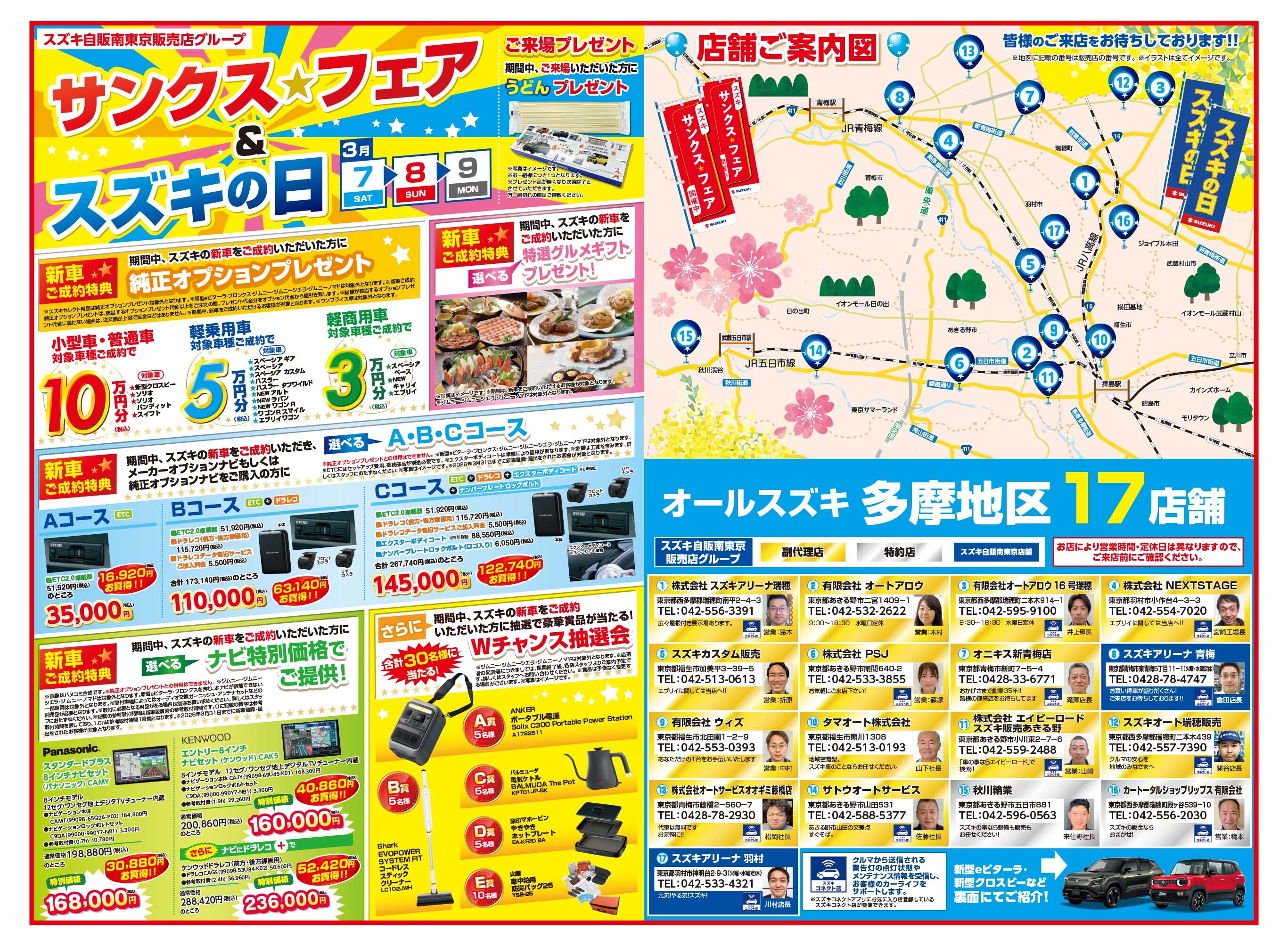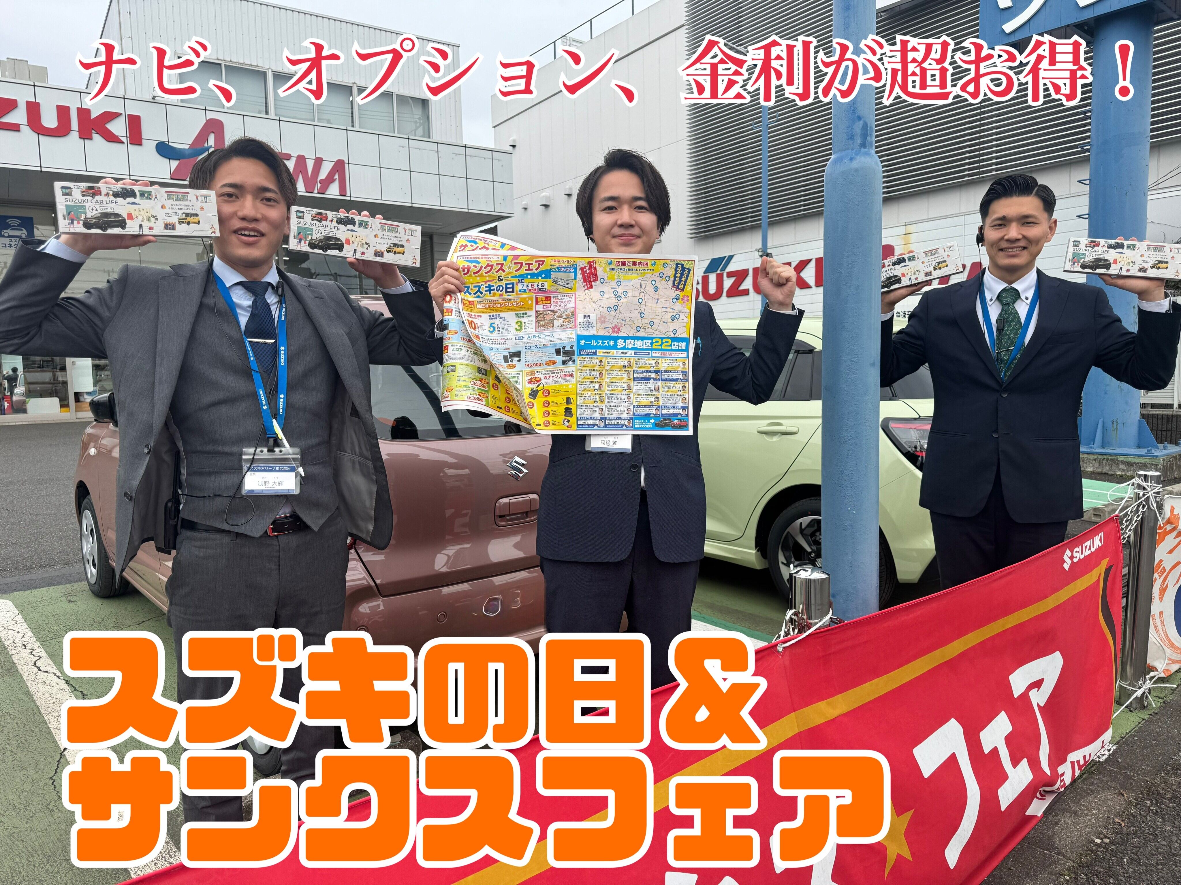 イベント/キャンペーン 2026.02.27 スズキの日&サンクスフェア!ナビやオプションが超お得!! スズキの日&サンクスフェア!! いつも東久留米店のブログを ご覧いただきありがとうございます! スズキの日&サンクスフェア! ナビやオプションが超お得!! ご成約特典! オプションプレゼント! 選べるABCコースでとってもお得!! ナビもお得! Wチャンスで ご来場プレゼントも! 皆様のご来店を東久留米スタッフ一同 心よりお待ちしております!!
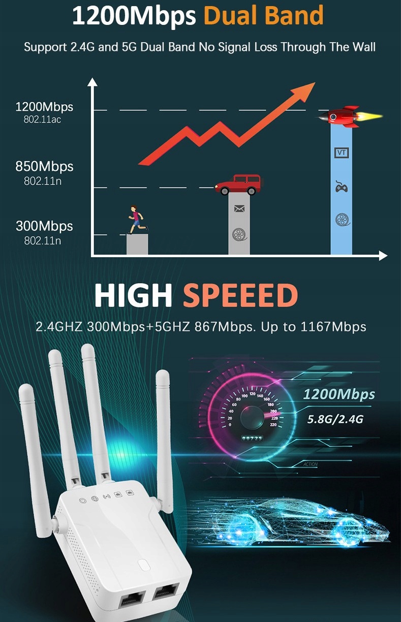 SST-WR122DN — это релейный усилитель сигнала, использующий новейшую технологию стандарта двухдиапазонной беспроводной сети WIFI 11AC; ретранслятор может искать сетевые сигналы одновременно в диапазонах частот 2,4G и 5G, а максимальная скорость передачи составляет 1200 Мбит/с (2,4G/300 Мбит/с и 5G/867 Мбит/с); Используйте канал 5 ГГц для передачи данных с низким уровнем помех и превосходной производительностью. Он позволяет пользоваться высокоскоростным Интернетом без проводов, как в проводной сети.
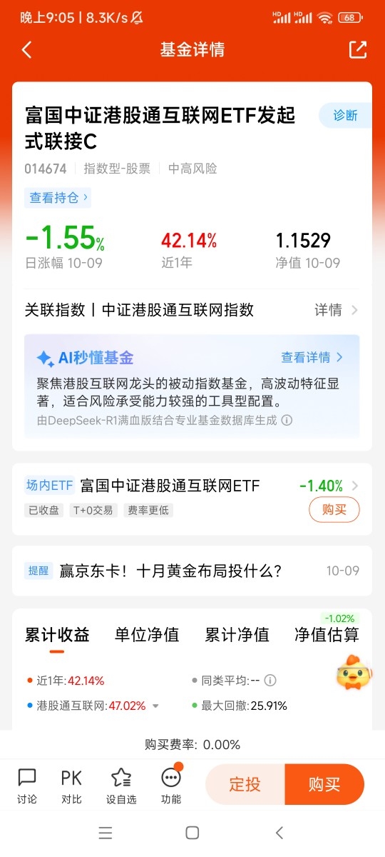 面对市场上热议的港股互联网、AI应用和硬科技三大赛道,我作为一名普通的投资者,心中早有定数。经过审慎的思考和一年多的亲身体验,我坚定地选择并看好港股互联网。这份信心,不仅源于宏观环境的支撑,更来自于我手中那只富国中证港股通互联网ETF发起式联接C(014674) 所带来的实实在在的回报——**31.90%**的持有收益率,以及它所代表的,那份穿越波动、稳健增长的投资价值。
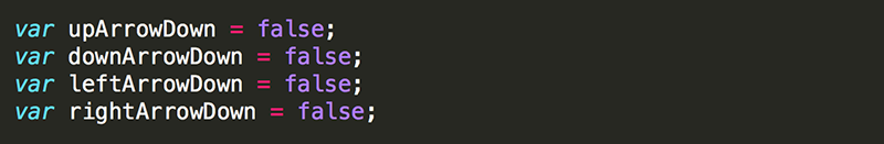 8. Declare leftArrowDown, rightArrowDown, and downArrowDown as global variables and set their initial value to false.
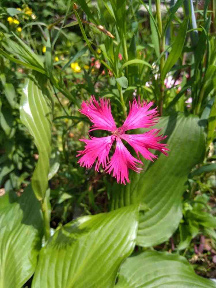 なんて素敵な色なの⁉️ カワラナデシコってもっと淡いピンクを想像してました。切れ込みが細かく深くめちゃくちゃ綺麗‼️ヤグルマギクと混同するのちょっと分かった気がします。
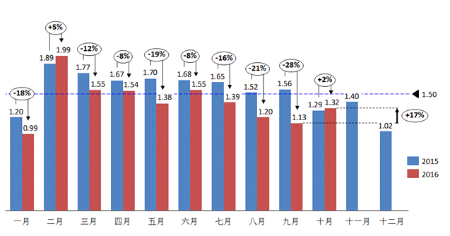2016年11月18日,中国汽车流通协会对外发布2016年10月份“汽车经销商库存调查结果”。10月份汽车经销商综合库存系数为1.32,环比上升17%,同比上升2%,经销商库存水平位于警戒线以下(见图1)。

▶ REQUIRED ACTION
Your task is to restate word for word the lines from the line holding "なんて素敵な色なの⁉️ カワ" through the final line of the listing, both included, but none of the pictures.

▶ ANSWER BOX
 なんて素敵な色なの⁉️ カワラナデシコってもっと淡いピンクを想像してました。切れ込みが細かく深くめちゃくちゃ綺麗‼️ヤグルマギクと混同するのちょっと分かった気がします。
2016年11月18日,中国汽车流通协会对外发布2016年10月份“汽车经销商库存调查结果”。10月份汽车经销商综合库存系数为1.32,环比上升17%,同比上升2%,经销商库存水平位于警戒线以下(见图1)。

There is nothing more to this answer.